Please give back each entry below unaltered, leaving the pictures out.

▼

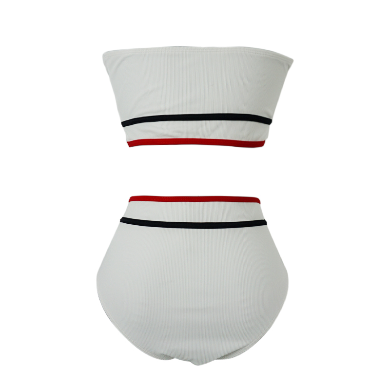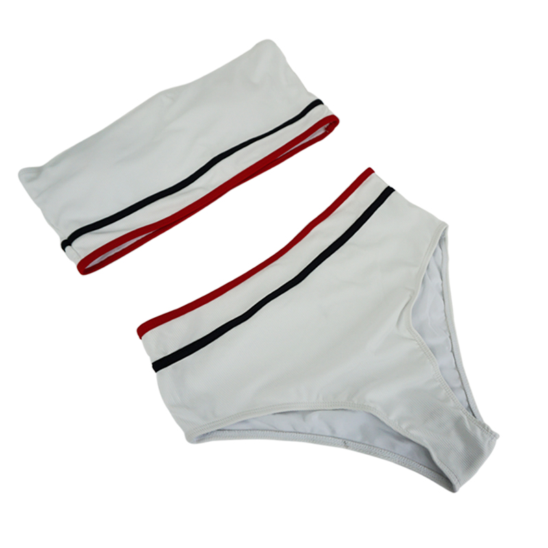 This creative waterdrop bandeau top together with the high waist bikini bottom makes the charming bikini set.
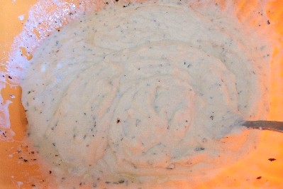In einer Schüssel die Ricotta mit der geschälten und gehackten Knoblauchzehe und den zerkleinerten Basilikumblättern geben, mit Salz und Pfeffer abschmecken.
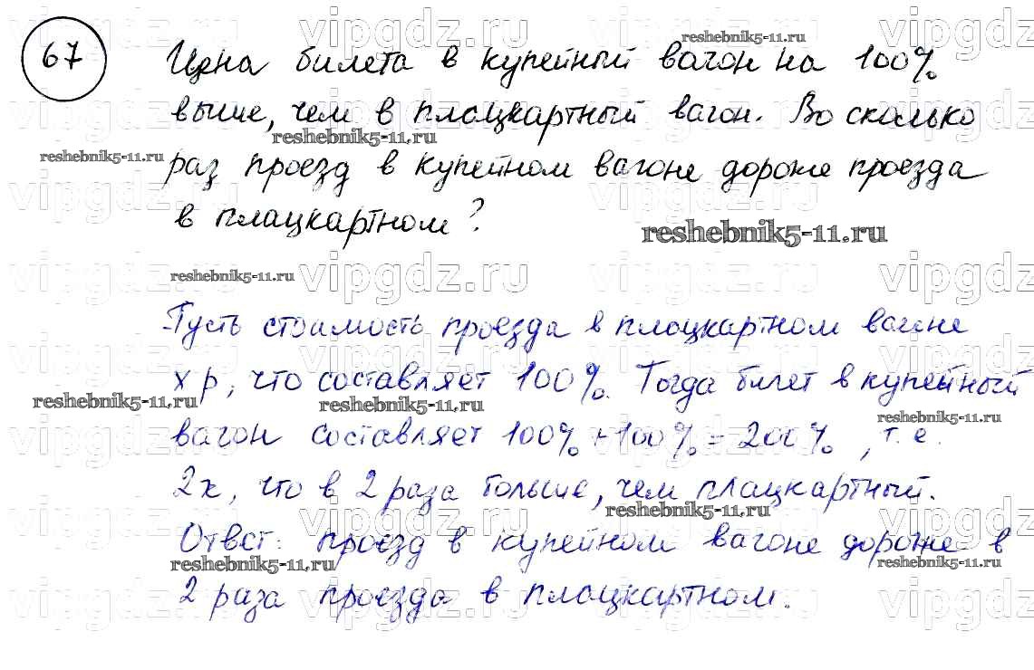 Готовая домашняя работа с ответами по Математике за 6 класс Бунимович, Кузнецова, Минаева Учебник Сферы Просвещение 2014 ФГОС - Упражнения 67
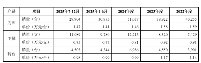 下游方面,数控机床行业竞争加剧导致客户产品价格下降。招股书显示,报告期内公司主要产品售价均呈下降趋势。刀库产品售价从2022年的1.59万元/台降至2025年1-6月的1.41万元/台,主轴产品从0.91万元/支降至0.77万元/支,转台产品从1.14万元/台降至0.99万元/台,价格下行趋势贯穿报告期始终。
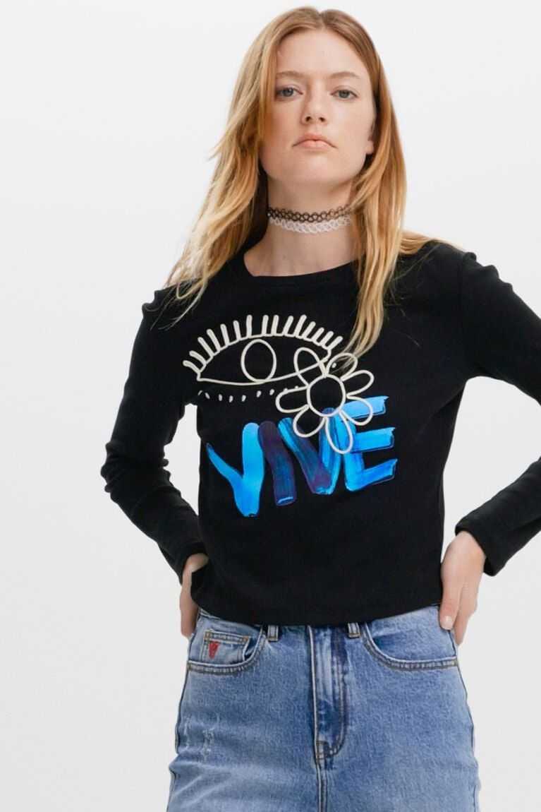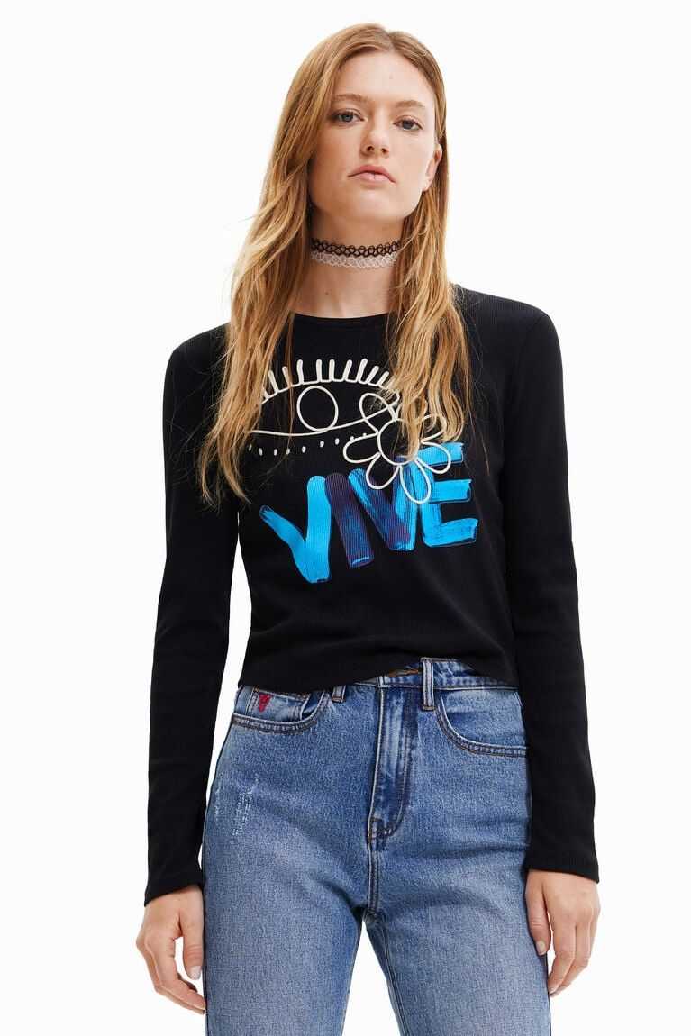 This playful cropped cotton T-shirt features a "Vive" message in a hand-painted effect. A flower and eye also decorate the front.
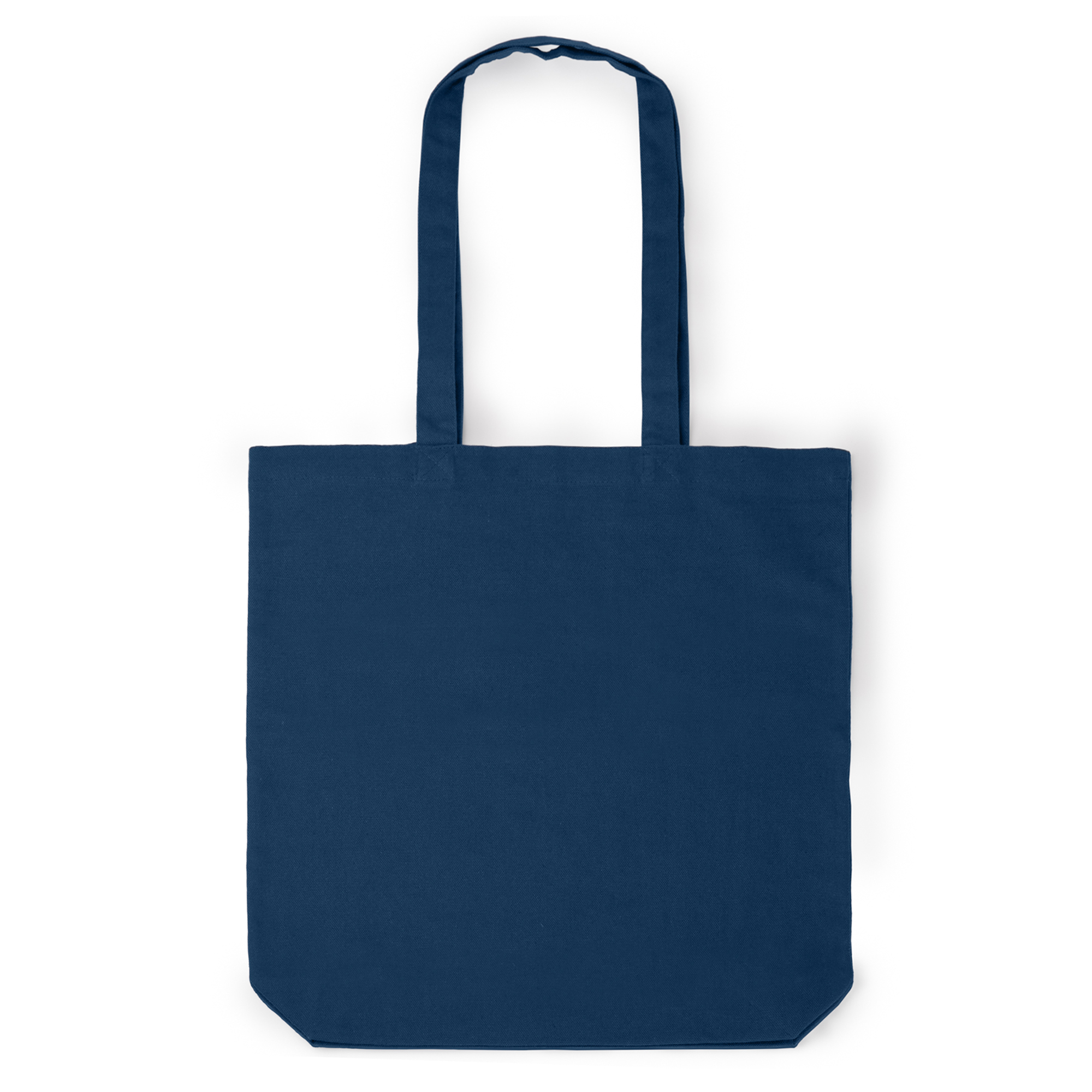 Geantă colorată din bumbac organic 100% de 270 g/m², cu îmbinare la bază. Curele de 70 cm.

▲

> Answer section:
 This creative waterdrop bandeau top together with the high waist bikini bottom makes the charming bikini set.
In einer Schüssel die Ricotta mit der geschälten und gehackten Knoblauchzehe und den zerkleinerten Basilikumblättern geben, mit Salz und Pfeffer abschmecken.
 Готовая домашняя работа с ответами по Математике за 6 класс Бунимович, Кузнецова, Минаева Учебник Сферы Просвещение 2014 ФГОС - Упражнения 67
 下游方面,数控机床行业竞争加剧导致客户产品价格下降。招股书显示,报告期内公司主要产品售价均呈下降趋势。刀库产品售价从2022年的1.59万元/台降至2025年1-6月的1.41万元/台,主轴产品从0.91万元/支降至0.77万元/支,转台产品从1.14万元/台降至0.99万元/台,价格下行趋势贯穿报告期始终。
 This playful cropped cotton T-shirt features a "Vive" message in a hand-painted effect. A flower and eye also decorate the front.
 Geantă colorată din bumbac organic 100% de 270 g/m², cu îmbinare la bază. Curele de 70 cm.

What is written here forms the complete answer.